The TRIUMPH study is the first trial to prospectively evaluate the efficacy of dual HER2-blockade for metastatic CRC with HER2 amplification by tissue or ctDNA analysis, and demonstrated promising activity with the combination of trastuzumab plus pertuzumab in patients with treatment-refractory metastatic CRC with HER2 amplification in tissue and/or ctDNA. Furthermore, the authors concluded the combination has an acceptable toxicity profile that is consistent with previous reports for each agent. They noted further that clonal oncogenic ctDNA driver mutations, such as KRAS, BRAF, PIK3CA, or HER2 may predict for primary resistance to treatment.
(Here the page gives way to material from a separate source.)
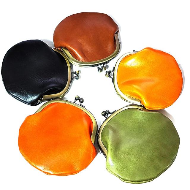 丸型で可愛らしい形の栃木レザーのがま口財布です。

The MOUNTAINEER trial demonstrated promising activity for tucatinib and trastuzumab, with more than half of evaluable patients with RAS wild-type and HER2-amplified metastatic CRC achieving an objective response. The study combination was well tolerated as well. These results suggest that further expansion of the MOUNTAINEER trial in patients with HER2-amplified metastatic CRC is warranted.
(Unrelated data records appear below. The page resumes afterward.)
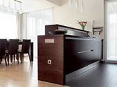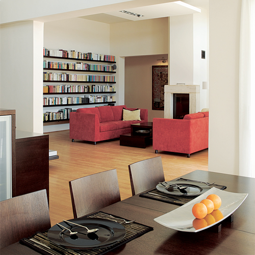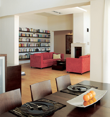 Vendéglátóink egy évvel ezelőtt költöztek a fővárosból vidékre. Előző, sötét, szűkös, bútorokkal telezsúfolt lakásukból tágas, világos, áttekinthető otthonra vágytak, ezért korábbi munkái alapján Kajdócsi Jenő építészt kérték fel arra, hogy házat tervezzen számukra. Kajdócsi maradéktalanul megoldotta a feladatot: olyan épületet tervezett, melyben minden funkció logikusan követi egymást, jól elkülönülnek az intim és a közösségi terek, és amely a lehető legjobban kihasználja a telek adottságait. A megfelelő tájolásnak köszönhetően a nappali-étkező-konyha terébe egész nap árad a fény (ami persze egyáltalán nem azt jelenti, hogy a hálószobák sötétek lennének).
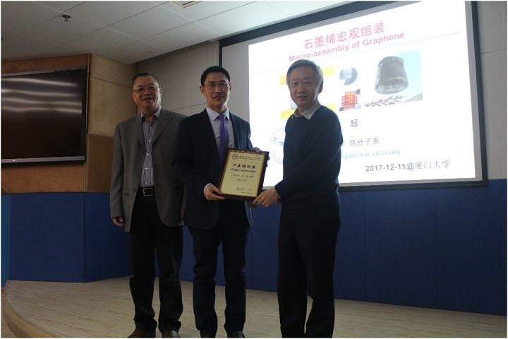 我校石墨烯研究院特聘研究员、浙江大学高分子研究所所长高超教授受邀为参会企业和我校师生做了《石墨烯宏观组装》主题讲座。叶世满副校长、田中群院士为高超教授颁发了卢嘉锡讲座纪念牌。高超团队在石墨烯纤维、石墨烯气凝胶等宏观组装材料上取得了具有国际影响的原创性工作,特别是基本掌握了国际领先的原位聚合制备石墨烯复合纤维技术。今年,我校石墨烯研究院将该技术作为重大项目引入我省,通过与厦门翔鹭化纤、福建恒申集团的密切产学研合作,已于不久前取得了中试成功,有望规模化生产集紫外防护、抗静电、远红外发射、抗菌等众多优异性能于一身的复合纤维,开创新一代“全能王”纤维品种。借助本次研讨会,两家龙头企业与我校就石墨烯复合纤维在技术和市场等方面的推进展开交流与讨论,对进一步深化产学研合作进行了部署。
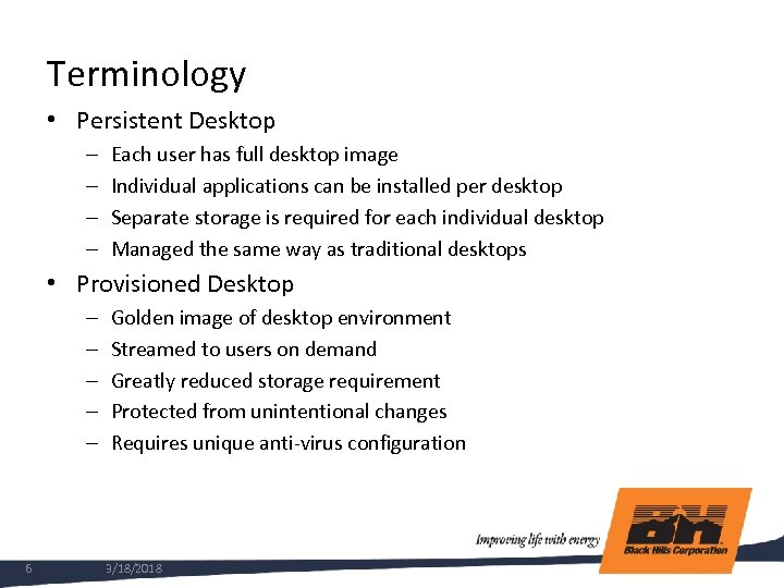 Why is BHC Deploying Virtual Desktops? Centralized management Enhanced security and compliance Deliver a managed desktop to unmanaged devices Efficient bandwidth utilization Support for mobile devices – Blackberry, Android, i. Pad Virtual Desktops offer options for both flexibility and control. Finding the right balance will be our priority • Positions us for much simpler future desktop upgrades • Hard dollar cost savings may not be attainable • • • 5 3/18/2018

Although HERACLES-B did not reach its primary endpoint (ORR), the authors noted that disease control (PR plus SD) was achieved in 80% of patients with a median PFS of 4.8 months that favourably compares to the median 4.2 months achieved in the positive HERACLES-A trial. They proposed that the ORR may have been weakened by the lower trastuzumab dose delivered with T-DM1, while the longer PFS could be the result of the combined ‘broad-brush’ effect of emtansine and synergy with pertuzumab.
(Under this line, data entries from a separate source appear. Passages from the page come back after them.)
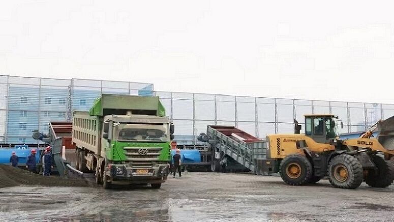 2)側(cè)傾自卸運(yùn)煤汽車(chē)直接卸煤至地表給料機(jī)的接收料斗;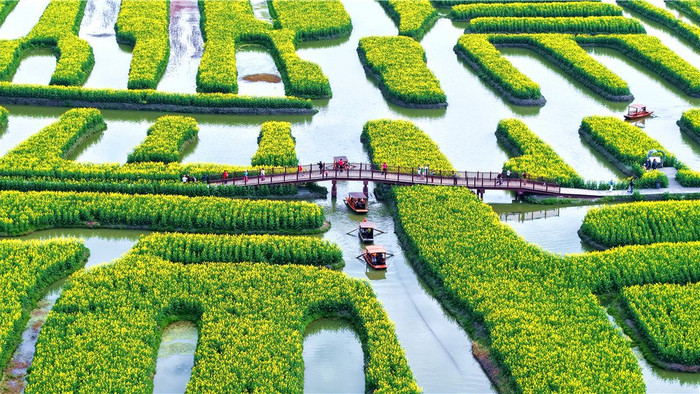 3月27日,kaiyunsports泰州市兴化千垛景区逾万亩油菜花怒放。统共这个词景区宛如一片漫恢弘缘的金黄花海,游东说念主穿行其间,船在花中游走,花、东说念主、船相互照映,抱成一团,一片春光明媚征象。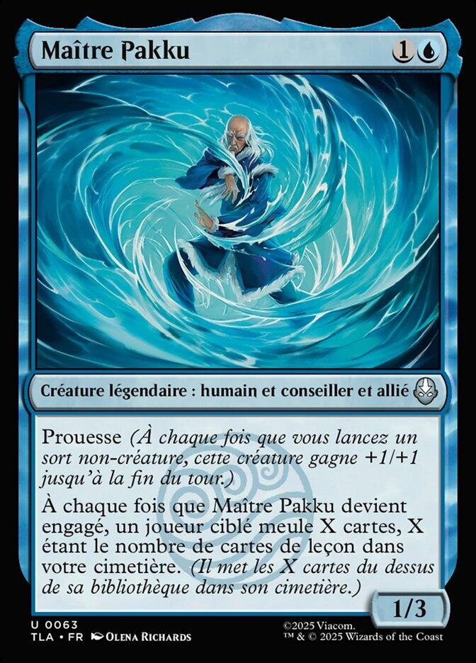 | Rules | Prowess (Whenever you cast a noncreature spell, this creature gets +1/+1 until end of turn.) Whenever Master Pakku becomes tapped, target player mills X cards, where X is the number of Lesson cards in your graveyard. (They put the top X cards of their library into their graveyard.) |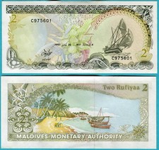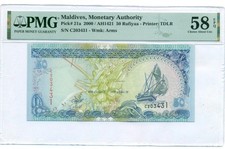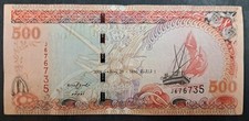 2000/AH1421. Dark green and brown on multicolored underprint; light blue underprint at left. Dhow at right. Tomb of Medhuziyaaraiy at center on back. Watermark: arms. Printer: TDLR. Enhanced UV features.

The TRIUMPH study was funded by the Japan Agency for Medical Research and Development. The MOUNTAINEER trial was funded by Seattle Genetics and supported through the ACCRU network. The HERACLES-B is a non-profit clinical trial sponsored by Fondazione Piemontese per l'Oncologia - FPO funded by Associazione Italiana per la Ricerca sul Cancro (AIRC); Roche provided pertuzumab and T-DM1 for free.
526PD – Nakamura Y, Okamoto W, Kato T, et al. TRIUMPH: Primary Efficacy of a Phase II Trial of Trastuzumab (T) and Pertuzumab (P) in Patients (pts) with Metastatic Colorectal Cancer (mCRC) with HER2 (ERBB2) Amplification (amp) in Tumor Tissue or Circulating Tumor DNA (ctDNA): A GOZILA Sub-study.
527PD – Strickler JH, Zemla T, Ou F-S, et al. Trastuzumab and tucatinib for the treatment of HER2 amplified metastatic colorectal cancer (mCRC): Initial results from the MOUNTAINEER trial.
LBA35 – Sartore-Bianchi A, Martino C, Lonardi S, et al. Phase II Study of Pertuzumab and Trastuzumab-emtansine (T-DM1) in Patients with HER2-positive Metastatic Colorectal Cancer: the HERACLES-B (HER2 Amplification for Colo-rectaL cancer Enhanced Stratification, cohort B) Trial.